Snagging works are continuing at the much-delayed Wick Campus project in the Highlands.

The £48.5 million development, which includes a new High School, Newton Park Primary School, and community facilities, was originally set for completion in 2014.

However, the project has been plagued by number of issues and delays. Despite pupils finally moving into the facility at the end of April, concerns have been raised over the facility’s design and construction.

In a letter to the Wick Stakeholder Group, Wick High School Parent Council and Newton Park Primary School Parent Council, the Highland Council stated: “As stakeholders will be aware, the council deferred the opening date of the new Campus to ensure there was sufficient time for the council to commission the various systems within the building, undertaken checks and inspections, and ensure that the building was operationally safe and ready before opening.

“The Campus has been handed over to the council by hub North Scotland and Morrison Construction, following a very thorough and robust inspection and certification regime throughout the construction period.
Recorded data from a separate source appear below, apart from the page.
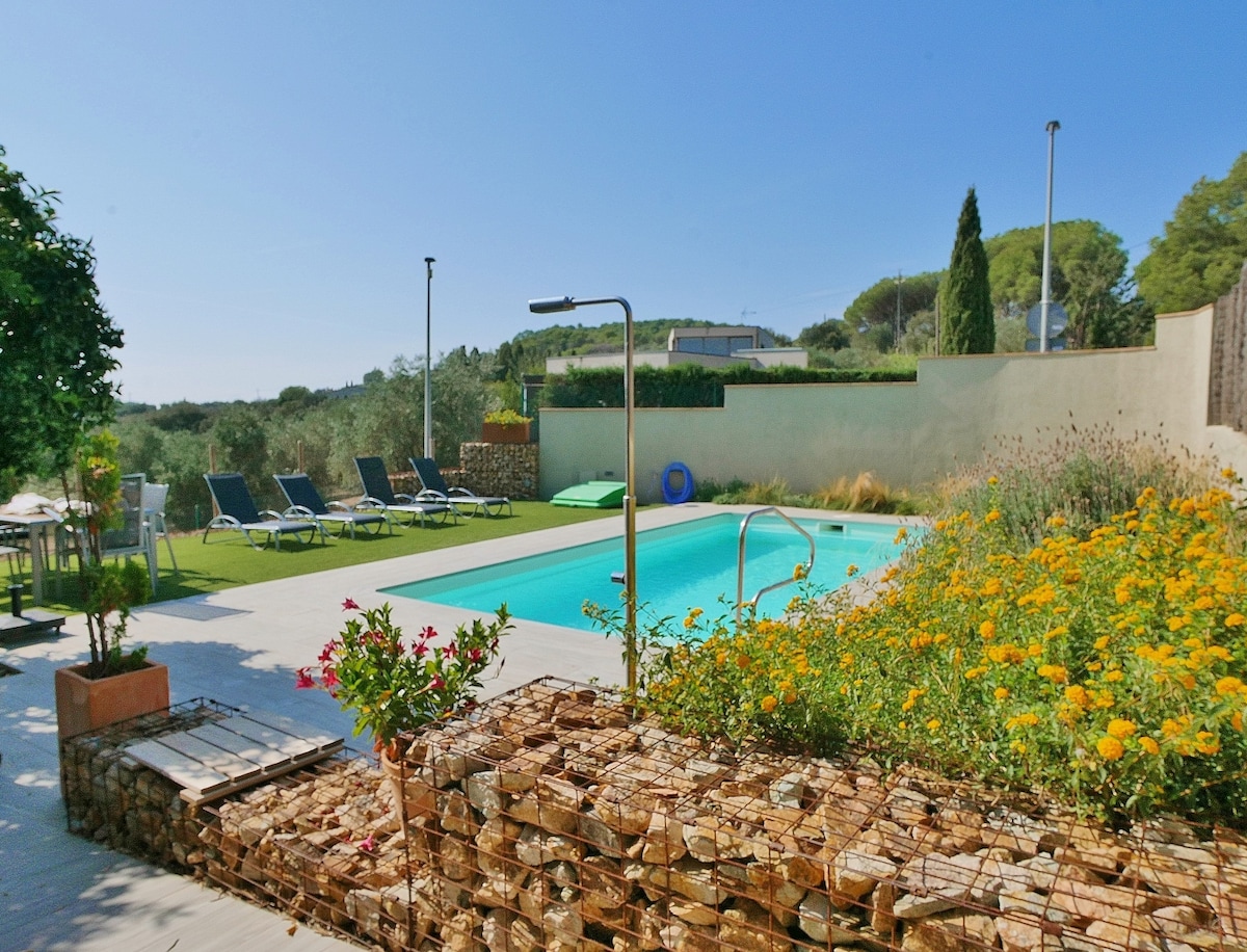 Espectacular villa nueva (2020) de 225m con gran jardín de 2000m y piscina, en el bonito pueblo medieval de Llofriu. Muy luminosa. Grandes cristaleras con vistas al campo.Las habitaciones tienen salida independiente al jardín. Gran porche cubierto con mesa y vistas maravillosas para relajarse. Casa muy bien situada para visitar la zona playas, rutas en bicicleta etc Ideal para familias/parejasChimenea con cristal para estar a gusto leyendo en el sofa o disfrutando de las vistas en època de frio
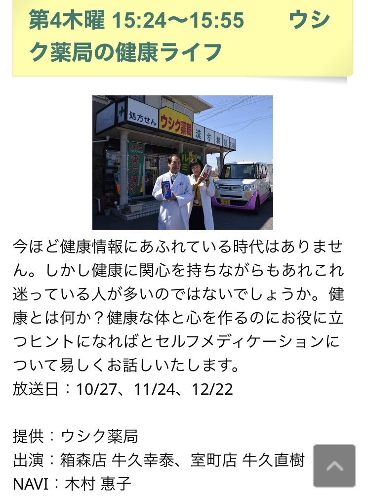 15時24分からは、「#ウシク薬局の健康ライフ」🐮💊秋は、夏の疲れが出やすく体調を崩しやすい時期です😣本格的な寒さに向けてこの時...
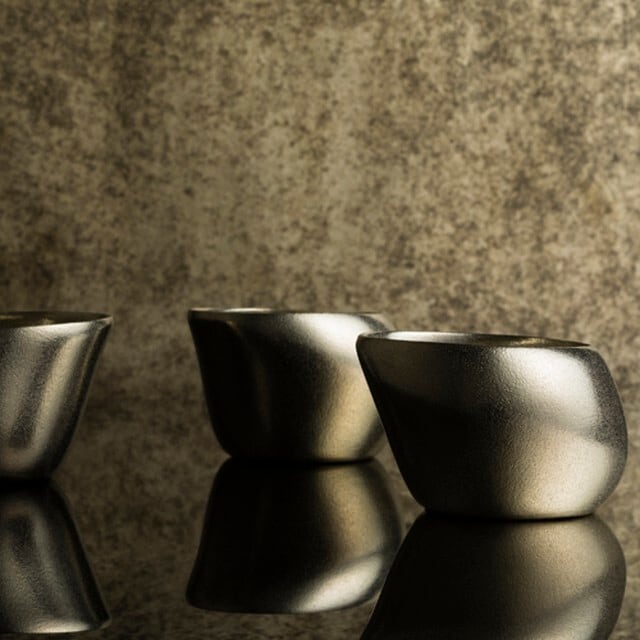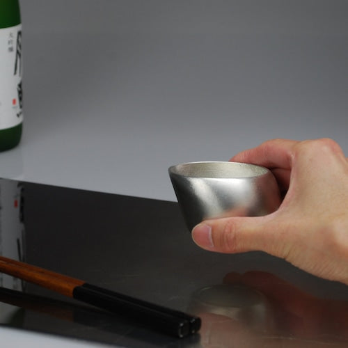 トラベルチョコは飲み口の位置を変えることで変化するお酒の味わいを楽しむことができるユニークな錫の酒器です。
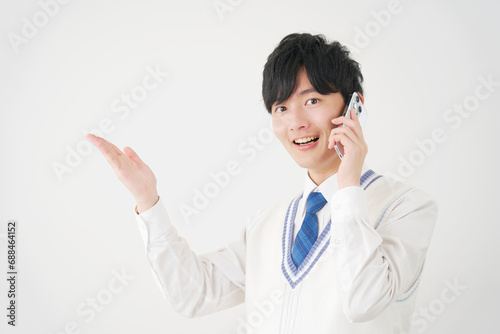 スマートフォンで電話をしながら手のひらで左側を指す男子高校生 白背景
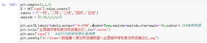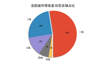 结论:从上图看出,全国城市等级所对应的麦当劳占比,一线,二线,三线,四线,五线,依次递减,一线城市拥有的麦当劳数时最多的,从而验证了我们的想法,城市等级越高,麦当劳数也相应的多一些 。

Part of that process includes expert assessment, independent of the council and hub/Morrison.”

In the letter, the council outlined a description of the process leading to facility handover:

  • Highland Council had its own Clerk of Works regularly on site during construction to review and monitor quality of work, and health and safety
  • Morrison Construction undertook their own quality, health, safety and environmental reviews
  • Regular monthly project review meetings took place on-site, including Highland Council, hub and Morrison’s staff
  • An independent structural engineer’s assessment was commissioned by Highland Council
  • Additional site visits and inspections by council engineering staff have taken place in relation to mechanical and electrical systems pre and post-handover
  • An independent assessment and certification of the facility was a formal part of the facility handover process
  • A statutory inspection of the works by Building Control to ensure the building is safe for occupation in line with the Scottish Building Technical Standards
  • Identification of building snagging matters is undertaken by Hub, Morrison’s and Highland Council staff, and all logged within a common system
  • The Highland Council has review and sign-off of all snagging works prior to closure of such items as complete
  • Highland Council officers were on site to witness commissioning and testing of mechanical and electrical systems prior to opening of the facility

The council added the discovery of a ‘deflected’ steel beam saw the local authority commission its own independent engineer’s assessment to provide assurance and the beam was subsequently replaced. In addition, the engineer’s provided assurance over a ‘cracked’ concrete staircase on the campus, as well as scaffolding which was photographed underneath the stairs.

The local authority added: “As a result of the recent Sauna fire, the council and Facilities Management provider moved quickly to address the immediate damage and in liaison with High Life Highland bring leisure facilities back into safe use at the earliest opportunity. It has been agreed that an independent investigation will be undertaken to understand the cause of the fire.

“We trust that this letter provides assurance regarding the safety of the Campus facility, and provides some clarity around matters reported within the media.”